Mattie gave her a dazed look but Georgiana was in no mood for questions. Mattie sat down to await developments.
“When Erica comes, Mattie, I will want to speak to her alone. And now I will go up and pack myself—like you, I will be taking very little.”
She left a startled Mattie trying to understand what that meant. Could it be that Georgiana was actually going to escort her back to Bermuda? Arthur and his victim, Jack Belter, had both been buried without ceremony at Belter’s bouwerie where they had met their end. Mattie had pleaded that she was too upset to attend. In the end it was only the gravediggers and the carpenter who had made their rude coffins who had attended them. So Mattie felt she was free to go at any time. Her only regret would be leaving Nicolas.
Evening brought Erica. She was crouched low in the same small sailboat Georgiana had sent, wearing her fur-trimmed velvet cloak and looking about her nervously. She looked surprised when Georgiana hurried down to the pier to meet her.
“Welcome to Windgate,” she said with irony.
“I had not expected quite so much civility from you,” Erica said frankly, “after I ruined your skating party.”
Georgiana gave her a grim smile. “It was not you who ruined my skating party,” she said with finality. And, then, because she chose not to discuss that line, “Won’t you come in. Erica? I’ve had a bite of supper left out for us.”
Erica walked along beside her, looking about with some curiosity. “Where is Brett?”
“Off inspecting the bouweries. He’ll be gone overnight. We’ll have plenty of time for our discussion.”
Erica missed a step. “Our discussion? All alone? Should I have come armed?” Her manner was droll but her amber eyes were watchful, uneasy.
“No—although I have no doubt you are armed. Erica. Somewhere in the folds of that copper velvet gown there should be a small pistol or at least a dagger.”
“How right you are,” said Erica coolly. “A pistol. Nicolas urged it on me as I left. He told me I might find Windgate a dangerous place just now. I took it he meant that you were dangerous.”
“Oh, I am.” Georgiana's voice was rueful as she ushered her guest into the great hall. “But only to myself. Nicolas should have told you that also.”
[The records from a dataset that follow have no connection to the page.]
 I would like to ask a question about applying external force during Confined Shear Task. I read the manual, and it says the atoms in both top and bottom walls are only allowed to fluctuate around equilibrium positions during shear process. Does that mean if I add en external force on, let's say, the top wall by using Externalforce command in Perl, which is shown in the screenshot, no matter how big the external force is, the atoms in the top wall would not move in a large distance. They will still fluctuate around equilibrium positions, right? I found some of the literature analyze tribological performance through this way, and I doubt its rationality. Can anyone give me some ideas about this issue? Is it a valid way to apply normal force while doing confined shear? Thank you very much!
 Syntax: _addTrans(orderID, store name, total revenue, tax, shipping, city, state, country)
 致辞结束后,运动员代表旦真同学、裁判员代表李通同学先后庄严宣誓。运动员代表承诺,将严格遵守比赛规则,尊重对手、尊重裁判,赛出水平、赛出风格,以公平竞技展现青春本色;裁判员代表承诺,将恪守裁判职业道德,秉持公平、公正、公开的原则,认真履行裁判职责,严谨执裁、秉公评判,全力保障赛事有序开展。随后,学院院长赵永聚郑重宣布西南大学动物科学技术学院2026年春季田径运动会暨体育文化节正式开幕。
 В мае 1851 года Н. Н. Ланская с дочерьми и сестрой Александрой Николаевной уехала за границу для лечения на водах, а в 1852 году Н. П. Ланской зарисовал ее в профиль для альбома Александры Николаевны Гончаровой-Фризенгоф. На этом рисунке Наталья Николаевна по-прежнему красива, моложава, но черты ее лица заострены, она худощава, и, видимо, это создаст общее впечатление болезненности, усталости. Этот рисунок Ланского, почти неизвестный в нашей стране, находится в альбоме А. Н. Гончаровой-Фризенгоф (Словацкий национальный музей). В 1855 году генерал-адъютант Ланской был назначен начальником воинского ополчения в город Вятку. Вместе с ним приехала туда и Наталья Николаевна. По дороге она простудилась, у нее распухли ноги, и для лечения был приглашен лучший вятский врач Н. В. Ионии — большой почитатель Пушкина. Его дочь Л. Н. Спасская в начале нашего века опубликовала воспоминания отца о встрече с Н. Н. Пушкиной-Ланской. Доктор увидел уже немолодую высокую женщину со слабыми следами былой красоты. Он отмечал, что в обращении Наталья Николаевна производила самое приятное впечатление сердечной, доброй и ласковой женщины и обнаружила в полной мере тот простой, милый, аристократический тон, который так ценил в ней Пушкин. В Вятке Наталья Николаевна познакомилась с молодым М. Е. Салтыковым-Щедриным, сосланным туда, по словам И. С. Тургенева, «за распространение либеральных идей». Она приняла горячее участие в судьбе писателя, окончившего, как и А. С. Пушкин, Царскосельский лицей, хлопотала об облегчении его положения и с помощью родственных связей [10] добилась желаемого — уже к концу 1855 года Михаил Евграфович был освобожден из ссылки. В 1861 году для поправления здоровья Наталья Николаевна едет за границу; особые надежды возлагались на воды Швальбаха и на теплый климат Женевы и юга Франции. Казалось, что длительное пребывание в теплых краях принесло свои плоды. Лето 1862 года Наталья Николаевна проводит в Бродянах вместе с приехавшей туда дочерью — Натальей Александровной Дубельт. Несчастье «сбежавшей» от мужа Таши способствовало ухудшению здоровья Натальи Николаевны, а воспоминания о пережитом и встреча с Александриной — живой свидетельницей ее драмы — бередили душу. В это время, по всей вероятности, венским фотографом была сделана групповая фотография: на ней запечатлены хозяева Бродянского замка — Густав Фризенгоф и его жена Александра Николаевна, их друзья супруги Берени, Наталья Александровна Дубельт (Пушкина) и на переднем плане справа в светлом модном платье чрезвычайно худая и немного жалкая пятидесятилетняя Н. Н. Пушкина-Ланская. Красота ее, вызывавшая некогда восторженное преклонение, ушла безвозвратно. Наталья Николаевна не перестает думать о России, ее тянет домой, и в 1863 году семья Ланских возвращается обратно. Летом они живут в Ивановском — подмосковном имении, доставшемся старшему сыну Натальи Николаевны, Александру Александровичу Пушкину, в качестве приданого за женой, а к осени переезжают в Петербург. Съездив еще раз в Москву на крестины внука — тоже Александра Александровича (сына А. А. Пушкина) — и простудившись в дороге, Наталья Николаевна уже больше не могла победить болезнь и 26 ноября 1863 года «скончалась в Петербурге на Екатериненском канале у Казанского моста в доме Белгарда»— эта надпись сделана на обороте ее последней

“If you choose to speak in riddles, I suppose I must be content.” Erica let Georgiana take her cloak. “What, no servants about?”
“I did not want them to see you. The one who brought you I tipped well to keep his mouth shut. The others have been packed off on duties that would keep them well away from the front of the house.”
“I am almost afraid to eat,” Erica complained, her amber eyes gleaming as they reached the dining room where a handsome repast had been set out. “It would seem you have used all the silver at Windgate's command,” she murmured, studying the forest of silver that encrusted the long table and the big sideboard and cupboard.
“I wished to impress you with Windgate’s wealth,” said Georgiana crisply. “And all that might await you here.” With a graceful gesture she pulled out a chair for her guest and Erica and her velvets sank into it.
“And just what might await me here?” wondered Erica. “Except possibly some poisoned wine?”
“Do not judge me as you would yourself. I am well aware that you tried to kill me there on the ice. Linnet has told me everything.”
“I would Linnet had told me everything,” sighed Erica. “Else I would not have lost Govert! It seems he has sharp eyes too—he saw me throw the handkerchief. I think that is what made him ill. He confronted me with my ‘wicked mischief,’ as he called it on the sloop’s deck after we pulled away from the pier. It had begun to snow then and he stood there with the snow frosting his hair, berating me—it was then he began to cough.”
So Erica had lost Govert!
“Perhaps you can have him back,” she said. “Some cold meat? A glass of wine?”
“Both, if you please. I am expected back at Haerwyck—and they will marvel at my loss of appetite. But I am chilled to the marrow. It was freezing coming up here on that sailboat. Thank heaven for that fire.” She stamped her numbed feet softly on the Turkey carpet beneath her chair and watched as Georgiana lifted slices of cold meat onto her plate from the big silver charger.
“It is possible”—Georgiana took her time in offering her guest rolls and filling her goblet—“that you may have both Brett and Govert back.”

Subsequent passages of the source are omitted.